Helmersson first joined H&M in 1997 as a business controller before working her way up to COO of the H&M Group in September 2018. She became CEO in January 2020.
Helmersson will be immediately replaced by Daniel Erver, who most recently served as the managing director of the H&M brand. He has been with the company for 18 years.
Shares tumbled upwards of 12% upon the news after a weaker-than-expected earnings report for the fiscal year beginning on December 1, 2022 through November 30, 2023.
"For many consumers the year was marked by lower purchasing power because of high inflation and high interest rates," Helmersson said in a company release. "The fourth quarter started with unusually hot weather in several of our important European markets. From mid-October, sales recovered as more normal autumn weather returned."
Though up during fiscal 2023, sales in December 2023 through January 2024 (the company's first fiscal quarter) saw a 4% drop from the same time the year prior — a bad sign during the crucial holiday shopping season.
At the same time last year, sales during that period saw a 5% increase.
H&M has faced increasing competition from other fast-fashion retailers, such as rival Zara and e-commerce behemoths like Shein.

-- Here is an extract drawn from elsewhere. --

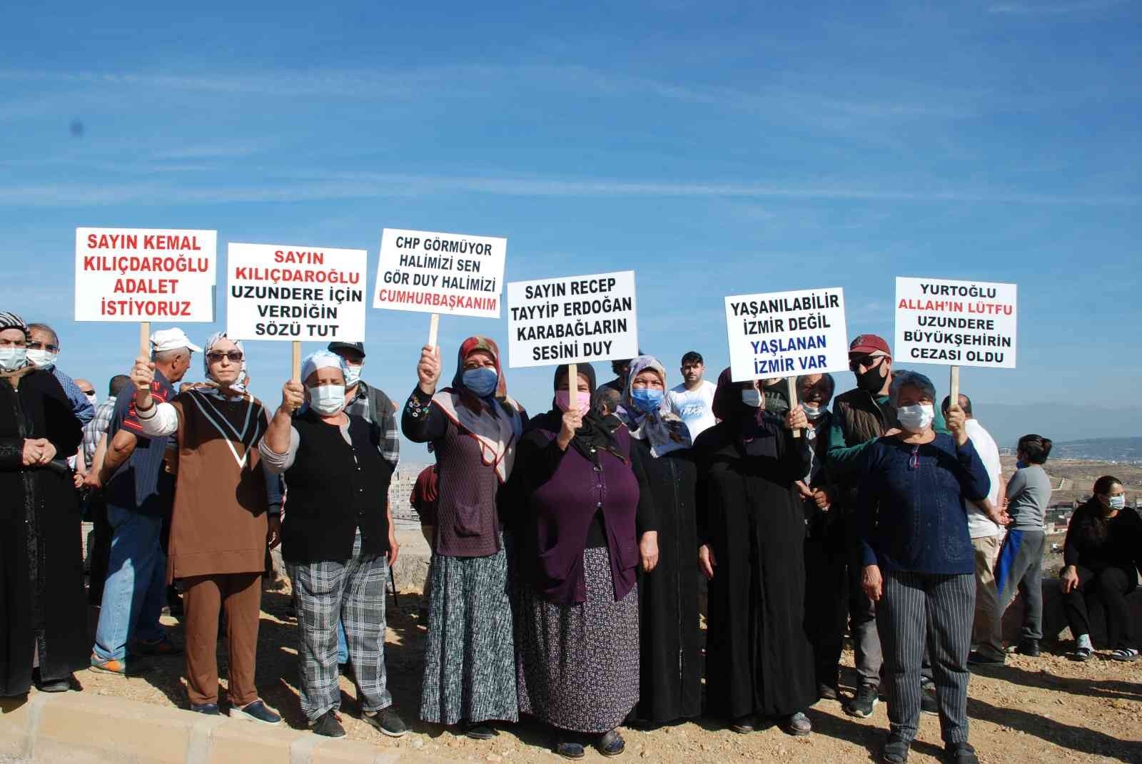 Mahalleliler adına açıklama yapan Eray Uslu, "Uzundere ve Yurtoğlu kentsel dönüşüm mağdurları olarak sesleniyoruz. Mahallelerimiz, 9 yıl önce kentsel dönüşüm kapsamında İzmir Büyükşehir Belediyesi tarafından tapular alınarak planlamaya sokuldu. Ancak 9 yıldır hak ettiğimiz evlerimize bir türlü geçemedik. Mağduriyetlerimizi çeşitli platformlarda sık sık İzmir Büyükşehir Belediyesi ve Karabağlar Belediyesi başta olmak üzere sık sık dile getirdik. Maalesef istediğimiz geri dönüşleri alamadık" diyerek 24 Ekim günü mahallede bir dizi açılış yapan CHP Genel Başkanı Kemal Kılıçdaroğlu'na mağduriyetlerini ilettiklerini hatırlattı. İzmir Büyükşehir Belediye Başkanı Tunç Soyer'in önümüzdeki dönemde ihaleye çıkılacağını ifade ettiğini söyleyen Uslu, "CHP Genel Başkanı Kemal Kılıçdaroğlu da 'Biz burayı yaparız' dedi. Ancak genel başkan nezdinde karşılık bulan mağduriyetimizin giderilmesi talebine karşılık İzmir Büyükşehir Belediye Başkanı Tunç Soyer, tam 45 gün sonra mahalle sakinlerine randevu vererek büyük bir hayal kırıklığına imza attı" dedi.

The brand was also at the center of controversy earlier this month for a back-to-school advertisement that featured children with the tagline "Make those heads turn" after allegations that it exploited children.
"We have removed this ad," the company said in a statement at the time. "We are deeply sorry for the offense this has caused and will look into how we present campaigns going forward."
As of Wednesday afternoon, H&M was up 16% year over year but still down 12% in a 24-hour period.